Photoinduced Enhancement of the Charge Density Wave Amplitude

TL;DR

This paper demonstrates that ultrafast photo-excitation can transiently enhance or induce large-amplitude charge density waves in elemental chromium through dynamic electron-phonon interactions, revealing a new way to control ordered states.

Contribution

It introduces a novel mechanism where ultrafast light pulses transiently enhance or induce charge density waves via electron-phonon coupling in chromium.

Findings

Photo-excitation can increase CDW amplitude by up to 30%.

Strong excitation induces a persistent, large-amplitude CDW state.

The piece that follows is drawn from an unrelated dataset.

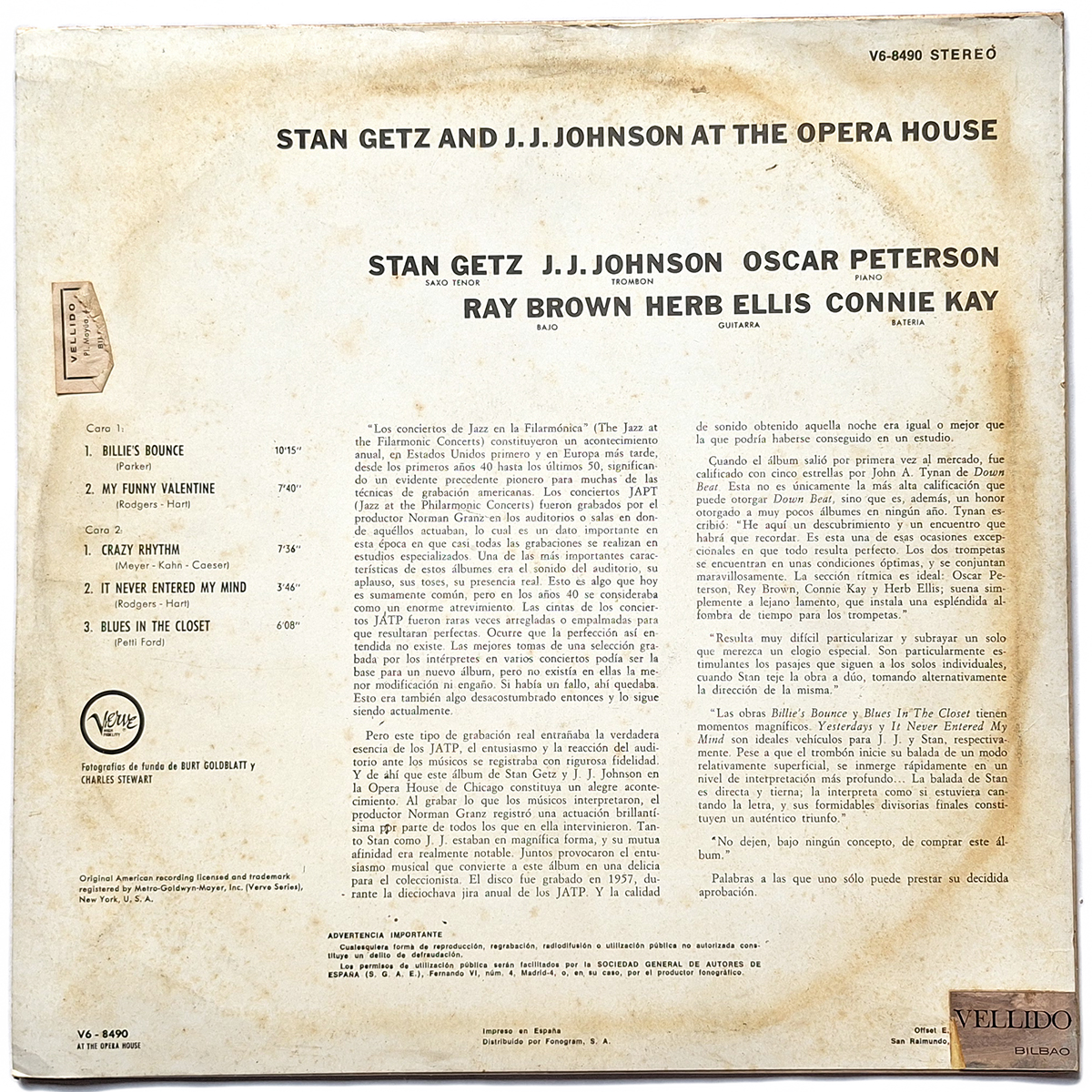 STAN GETZ AND J.J. JOHNSON. AT THE OPERA HOUSE

Dynamic electron-phonon interactions enable selective control of order parameters.

Abstract

Symmetry breaking and the emergence of order is one of the most fascinating phenomena in condensed matter physics. It leads to a plethora of intriguing ground states found in antiferromagnets, Mott insulators, superconductors, and density-wave systems. Exploiting states of matter far from equilibrium can provide even more striking routes to symmetry-lowered, ordered states. Here, we demonstrate for the case of elemental chromium that moderate ultrafast photo-excitation can transiently enhance the charge-density-wave (CDW) amplitude by up to 30% above its equilibrium value, while strong excitations lead to an oscillating, large-amplitude CDW state that persists above the equilibrium transition temperature. Both effects result from dynamic electron-phonon interactions, providing an efficient mechanism to selectively transform a broad excitation of the electronic order into a well defined, long-lived coherent lattice vibration. This mechanism may be exploited to transiently enhance order parameters in other systems with coupled degrees of freedom.